Professional advisers can also help you compare plans and estimate your total out-of-pocket expenses for premiums, deductibles, co-pays, and co-insurance, given your particular health conditions and prescriptions.
Some advisers are insurance agents or representatives of insurance companies or MA plans. For example, the American Association for Medicare Supplement Insurance provides a directory of local agents who work with Medigap plans. They don’t vet the agents on this list, which agents pay to be on.

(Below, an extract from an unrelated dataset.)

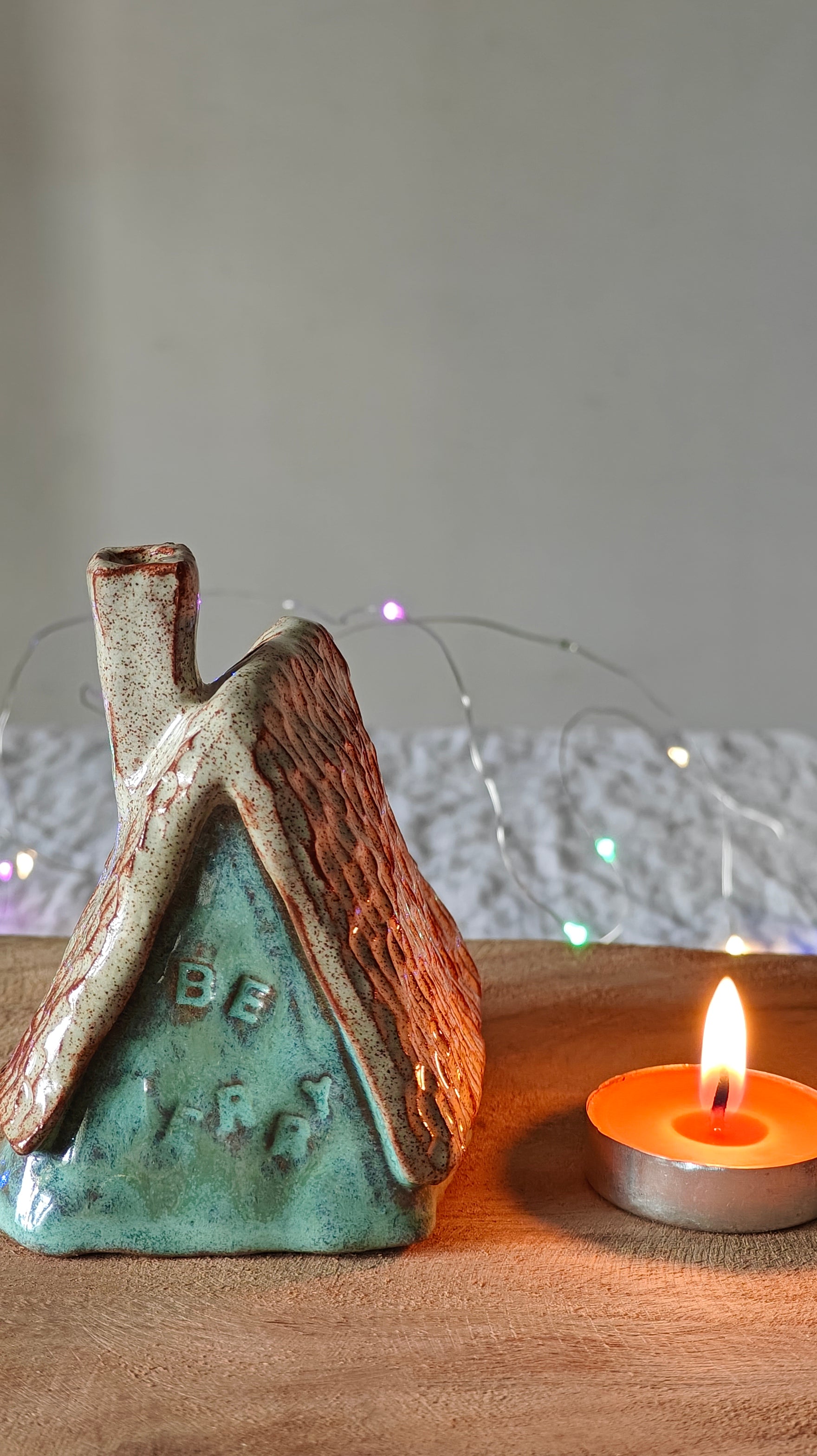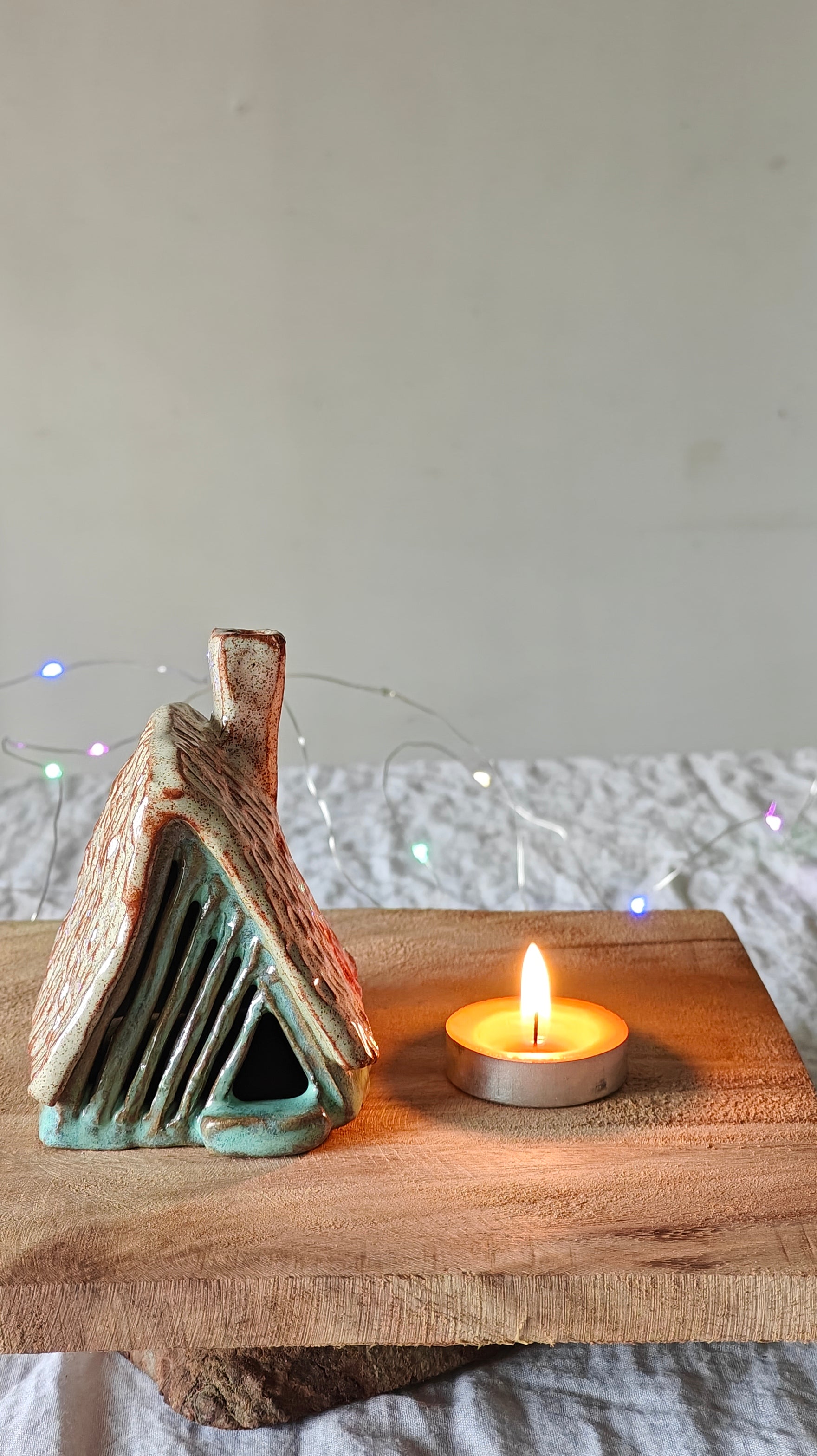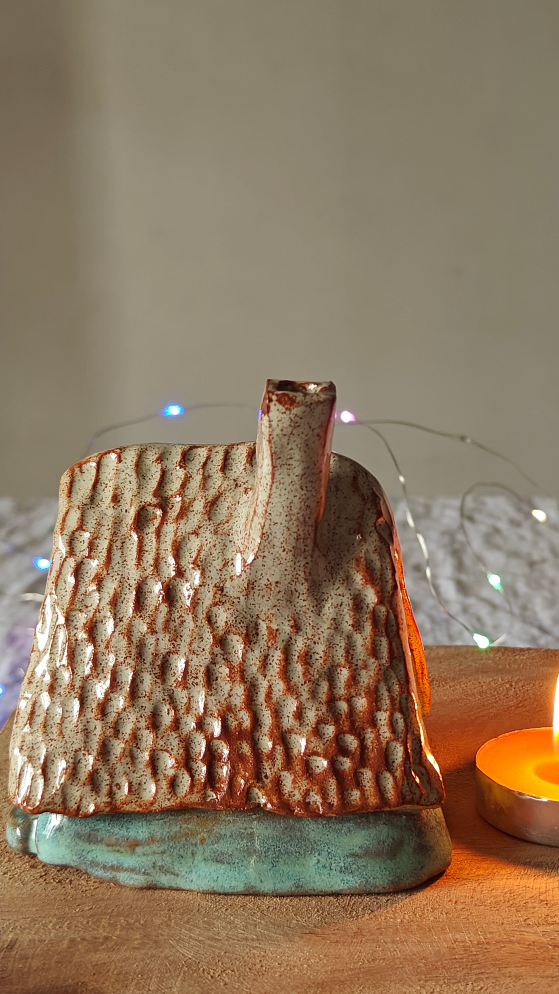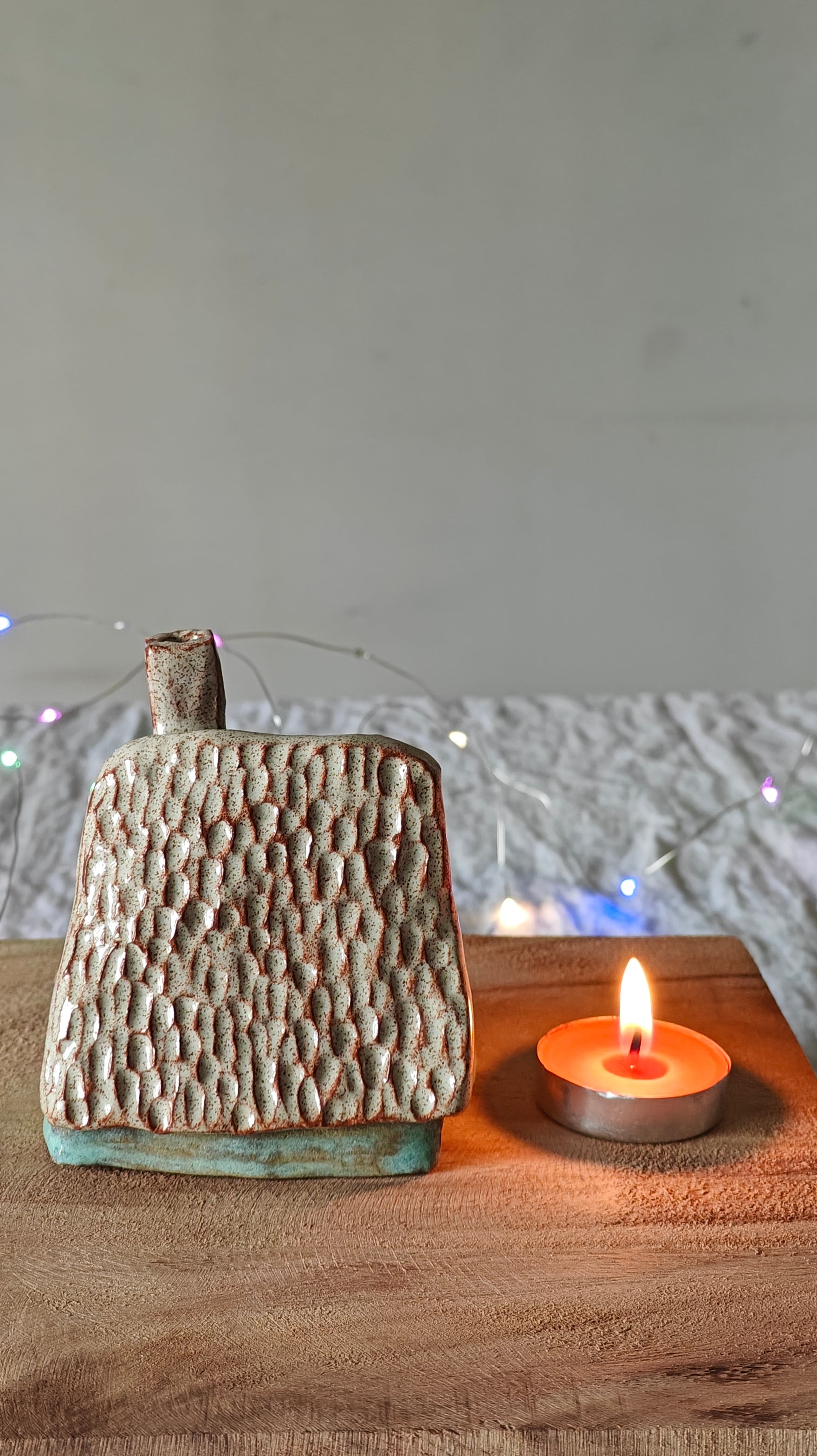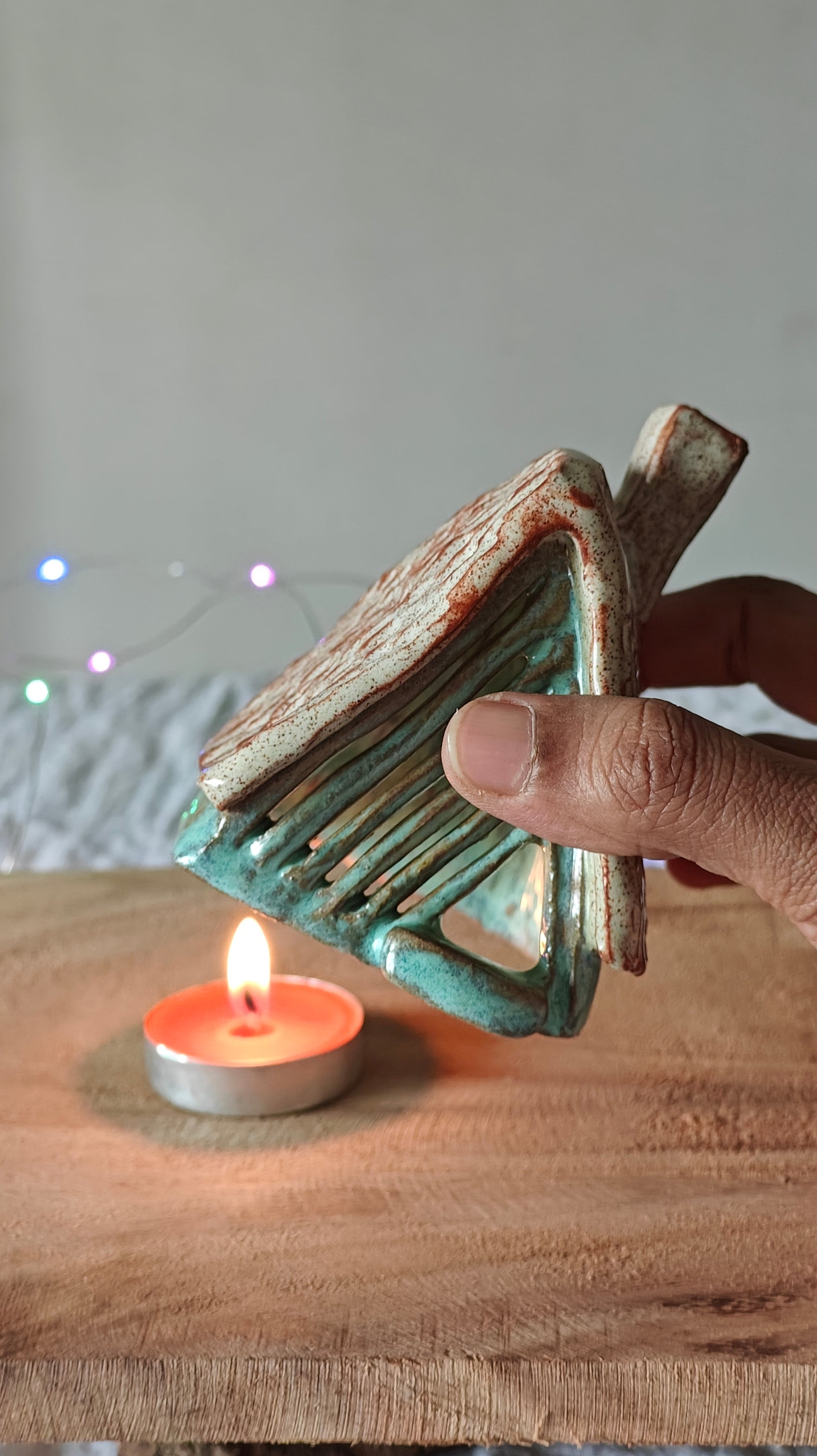 Be cautious when handling the ceramic piece with a lit tea light, as the heat from the tea light can transfer to the ceramic piece and potentially hurt your fingers. Consider using a battery-operated tea light to prevent any potential accidents.

With any agents you work with, you’ll want to be aware of how they are paid. They might not charge you directly for their services, but they could be paid a commission on insurance products they sell, which could restrict the plans they might be able to consider for you. You’ll want to ask them if they can help you analyze all of the Medigap or MA plans that are available to you.
You may want to consider working with an independent consultant who can help you analyze the complete range of options, such as Sixty-Five Incorporated. It charges a fee for a consultation, so its recommendations aren’t influenced by the way its advisers are paid.
You might also find free help from some nonprofit organizations, such as your local Area Agency on Aging or a senior center.
Remember, it’s your health and your wallet. Use the latter wisely to best ensure the preservation of the former.